Even assuming § 1256(a) applies to bar removal proceedings against Petitioners,  the plain language of the statute does not in any way contemplate extension of the limitations period to the naturalization process, and the holdings of Garcia and Bamidele do not suggest otherwise. Further, Petitioners’ interpretation of these cases does not comport with congressional intent. Rescission and removal proceedings are distinct and separate matters from an alien’s eligibility to naturalize. Congress’ desire to afford noncitizen LPRs with “the security which ought to attend [such] status, ” Bamidele, 99 F.3d at 564, does not mean that aliens who are later determined to have been ineligible for LPR status are entitled to the additional, greater benefit of citizenship. See Adegoke v. Fitzgerald, 784 F.Supp.2d 538, 541-42 (E.D. Pa. 2011) (noting that the petitioner already enjoyed the limited security conferred by § 1256(a) and that “Congressional intent does not require that [he] be naturalized as well.”)

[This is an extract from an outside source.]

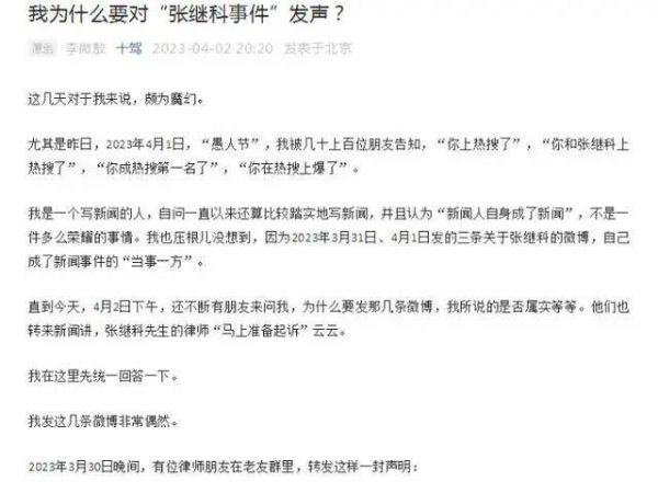 4月2日晚,“张继科事件”爆料人——经济观察报记者李微敖通过其个人微信公众号发表题为《我为什么要对“张继科事件”发声?》文章,回应网上部分质疑,该事件再次冲上热搜。
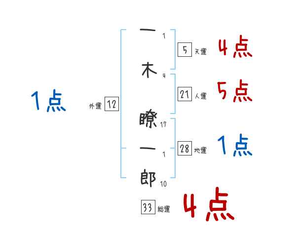 天運![]() | 一木瞭一郎さんの天運は5画の4つ星!健康で安泰。協調性に優れ、財産に恵まれる。 家系が持つ宿命的な運勢を表します。祖先から受け継いだ苗字ですので自分の力が及びません。家柄を象徴します。 |

Lastly, Petitioners raise several equity-based arguments. Among other things, Petitioners posit that the Government’s failure to promptly review their status is fundamentally unfair and has placed an unreasonable burden on them to maintain evidence “to prove a bona fide marital relationship in perpetuity.” They contend that this unreasonableness is compounded by the fact that the Government never conducted a review of the petition filed on behalf of Hai Rui Lin, and at some point lost this file. Petitioners further assert that this case has taken an emotional toll on them. (Pet’r’s Mot. for Summ. J. 9-10, 11, 14.)
As previously discussed, courts cannot use equitable doctrines to excuse an applicant’s failure to meet all of the statutory requirements for naturalization. See INS v. Pangilinan, 486 U.S. 875, 883-85 (1988). Because Petitioners’ arguments do not alter the fact that they have not proven their eligibility to naturalize, their equitable assertions are irrelevant. Although we sympathize with the situation confronting Petitioners, we are constrained to follow the law as written and interpreted by the Third Circuit.
For the foregoing reasons, Petitioners’ motion will be denied and the Government’s motion will be granted.
An appropriate Order follows.
AND NOW, this 31st day of May, 2013, upon consideration of the parties’ cross-motions for summary judgment (Doc. Nos. 18, 21) and the response and reply to the Government’s motion, and for the reasons set forth in the accompanying Memorandum Opinion, it is hereby ORDERED that:
Petitioners’ motion for summary judgment is DENIED;
The Government’s cross-motion for summary judgment is GRANTED;
On or before June 14, 2013, Petitioners shall advise the Court of whether they wish to proceed on their claims under the Administrative Procedures Act.